* [Dataset extract]

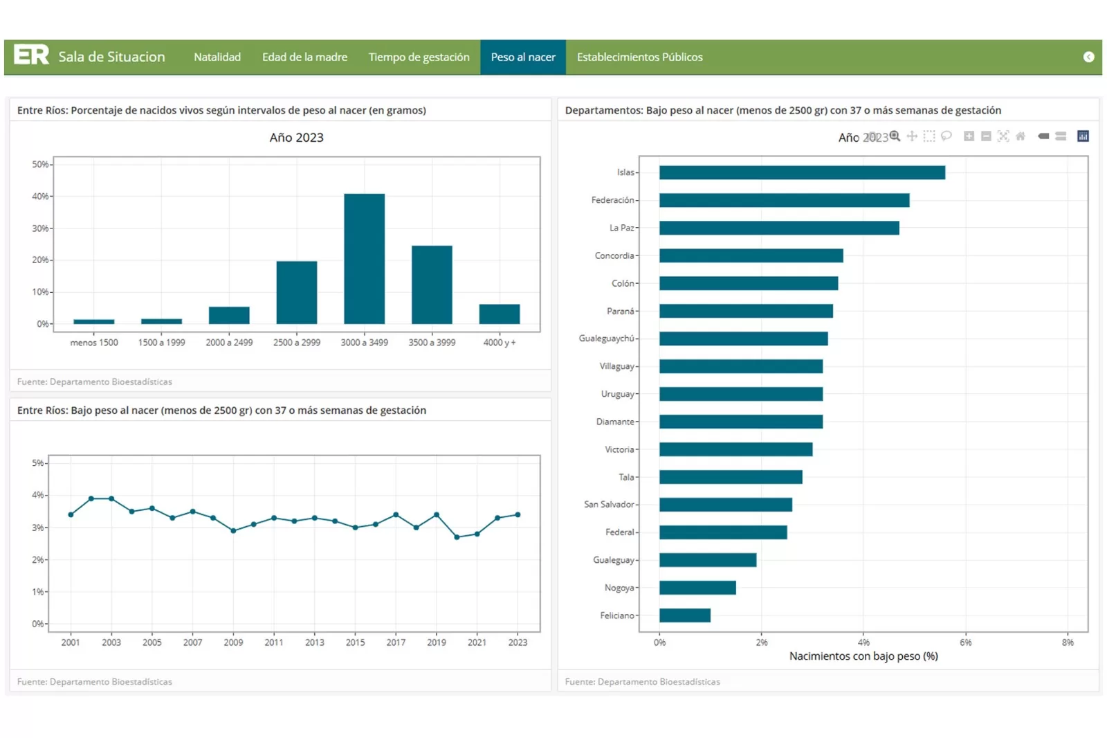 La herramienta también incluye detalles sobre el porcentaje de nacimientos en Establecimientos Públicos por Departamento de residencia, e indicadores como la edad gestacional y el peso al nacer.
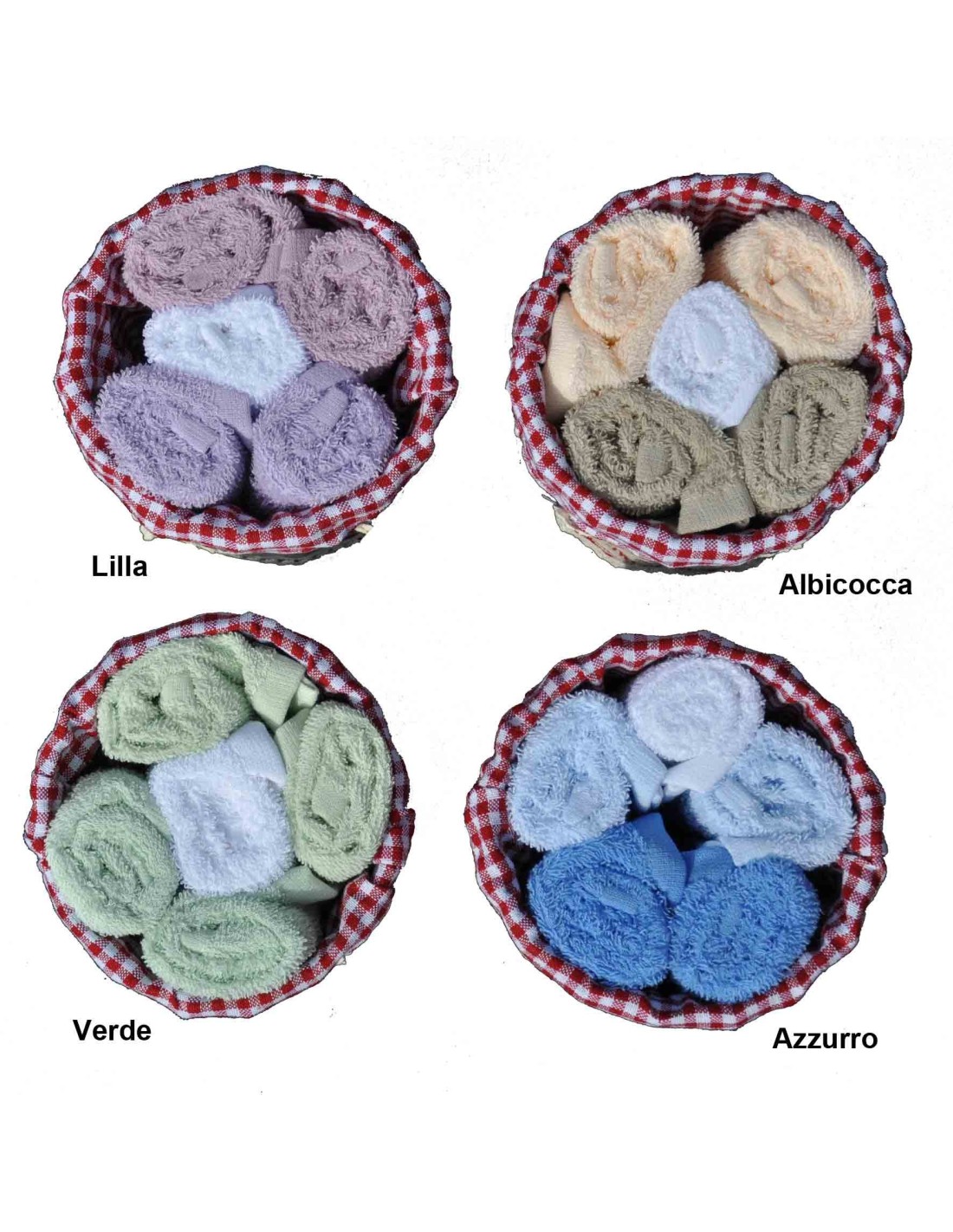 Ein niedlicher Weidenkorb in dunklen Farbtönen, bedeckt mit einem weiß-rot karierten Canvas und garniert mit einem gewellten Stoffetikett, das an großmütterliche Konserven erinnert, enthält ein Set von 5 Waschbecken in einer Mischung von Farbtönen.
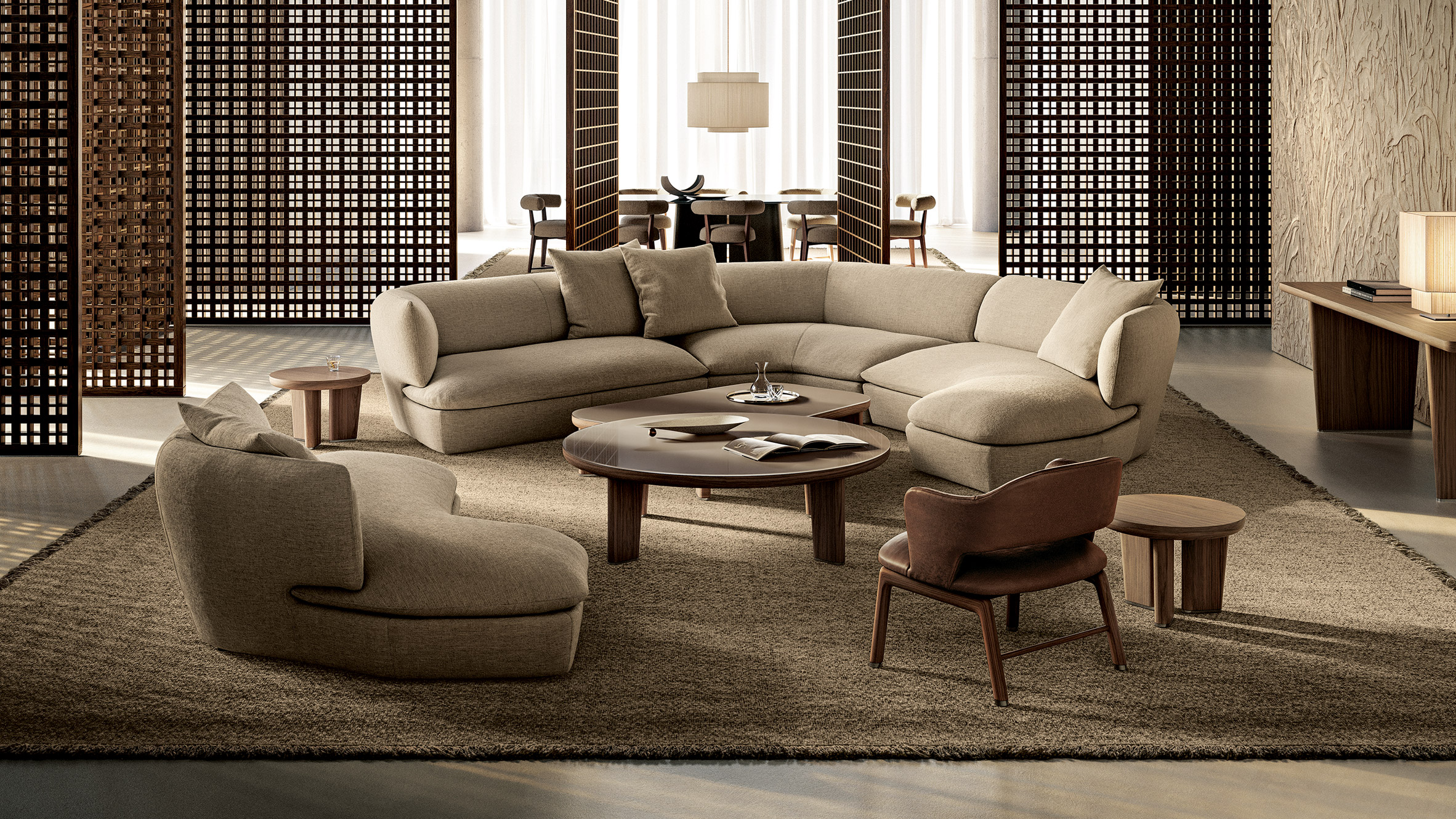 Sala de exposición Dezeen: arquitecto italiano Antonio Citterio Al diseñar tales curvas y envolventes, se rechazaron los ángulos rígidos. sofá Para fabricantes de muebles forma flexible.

* [Task instructions]
Copy the material verbatim. The pictures are not part of the copy.

* [Solution to the problem]
 La herramienta también incluye detalles sobre el porcentaje de nacimientos en Establecimientos Públicos por Departamento de residencia, e indicadores como la edad gestacional y el peso al nacer.
 Ein niedlicher Weidenkorb in dunklen Farbtönen, bedeckt mit einem weiß-rot karierten Canvas und garniert mit einem gewellten Stoffetikett, das an großmütterliche Konserven erinnert, enthält ein Set von 5 Waschbecken in einer Mischung von Farbtönen.
 Sala de exposición Dezeen: arquitecto italiano Antonio Citterio Al diseñar tales curvas y envolventes, se rechazaron los ángulos rígidos. sofá Para fabricantes de muebles forma flexible.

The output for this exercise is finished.